Aunque haya sido por la fuerza, si las empresas verifican que la flexibilidad horaria y el teletrabajo no afectan a la productividad de sus trabajadores, es posible que vivamos una revolución en el concepto de «trabajo» que no sólo afectará a la inversión en oficinas, sino también a los viajes de empresa, a las reuniones de trabajo, al transporte público e incluso al lugar donde vivimos. La llegada de la tecnología 5G puede acelerar aún más este proceso. 

  • El eCommerce en las pymes 

La crisis del COVID-19 ha hecho ver a muchas pymes que el rey estaba desnudo. Vamos, que se han dado cuenta de que, mientras ellas han tenido que cerrar, sus competidores con venta online han podido mantener un nivel de actividad. 

Lo normal y lógico es que aprendan la lección para que no les vuelva a pasar y. ahora sí, empiecen a tomarse el eCommerce como lo que es: un canal imprescindible que permite mantener las ventas 24/7. 

Más aún cuando es más que posible que las tiendas físicas vivan una recuperación gradual de la actividad y, al menos al principio, tengan limitaciones de aforo como las que estamos viendo en los supermercados. 

Insisto, el coronavirus ha venido para quedarse, la vacuna tardará en llegar y, mientras eso no pase, habrá restricciones en mayor o menor grado a las grandes acumulaciones de personas. El eCommerce ha dejado de ser una opción para convertirse en un cordón umbilical digital que permite mantener no sólo las ventas, sino la relación con el cliente y su consecuente fidelización. En este sentido, podemos asistir a un acelerón en la penetración del eCommerce desde el punto de vista de la oferta. 

Aunque es un poco aventurado decir esto, es muy probable que nuestros hábitos de consumo cambien. Ya estamos viendo un boom en los pedidos online en los supermercados, que hasta ahora eran la cenicienta del eCommerce en Chile. 

Si, como es de esperar, la reapertura del comercio minorista se hace con restricciones de aforo, mucha gente optará por la compra a través del eCommerce para evitar las colas. Quienes todavía no hayan desarrollado este canal en su negocio tendrán que ponerse las pilas (y qué mejor momento que ahora, con un parón forzoso de la actividad que permite desarrollar una tienda online con calma).
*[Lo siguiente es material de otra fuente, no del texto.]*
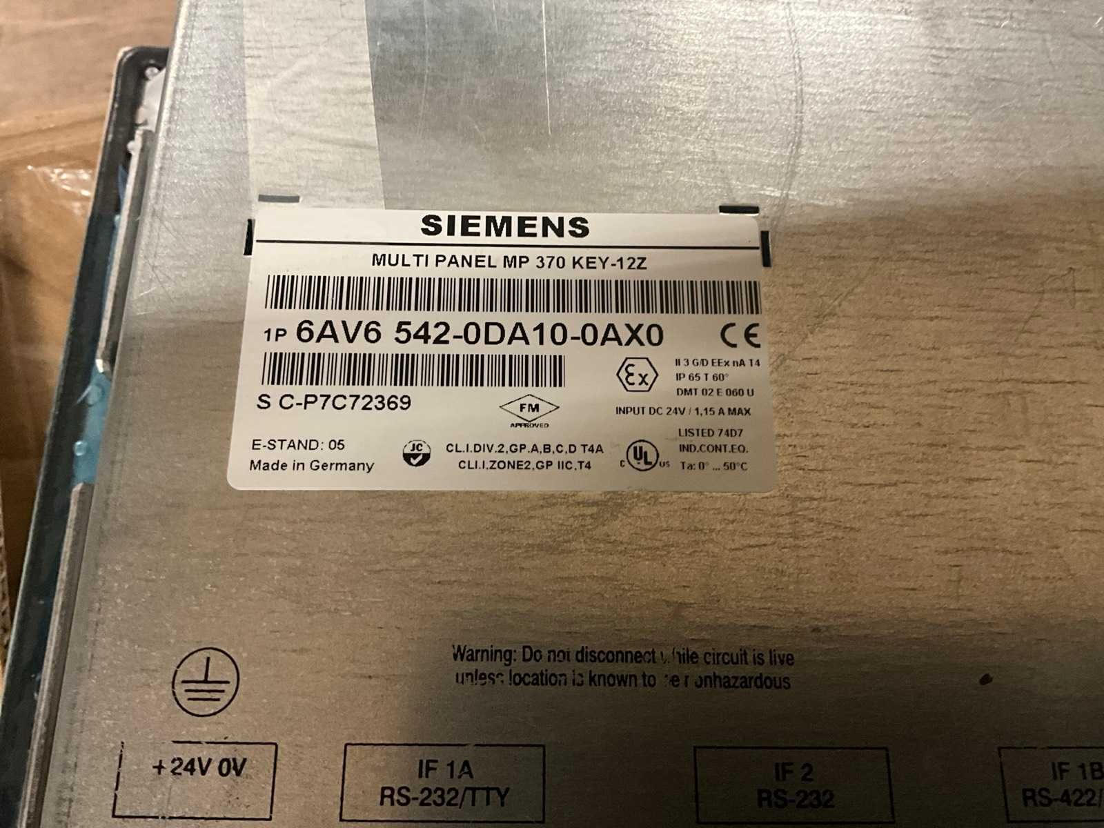 Merk: Siemens Simatic Type: SIMATIC MULTIPANEL MP370 12" COLOR TI

Estrategias mixtas como el «click & collect» están llamadas a imponerse como una alternativa más. El futuro cercano es omnicanal, sí o sí. Ya no es una cuestión de oferta, sino de demanda.  

Además, la gente tiene memoria. Recordará quién le dejó tirado y quién no. Frase lapidaria, pero real como la vida misma. 

  • La guerra de precios 

Muchas empresas, sobre todo del sector retail, ya tenían stocks preparados para la temporada de primavera-verano. Stocks que habrá que colocar en el mercado de forma urgente para recuperar liquidez. En un contexto de previsible depresión económica, el factor precio cobra una importancia enorme.  

Al menos en las primeras semanas o meses del mundo post-coronavirus vamos a ver una guerra de precios a la baja, con la consecuente reducción de los márgenes. Los consumidores estarán de enhorabuena, pero las empresas, sobre todo las pymes, tendrán que ajustar su eficiencia al máximo. Ahí es donde la incorporación de tecnología tiene un papel muy importante que jugar.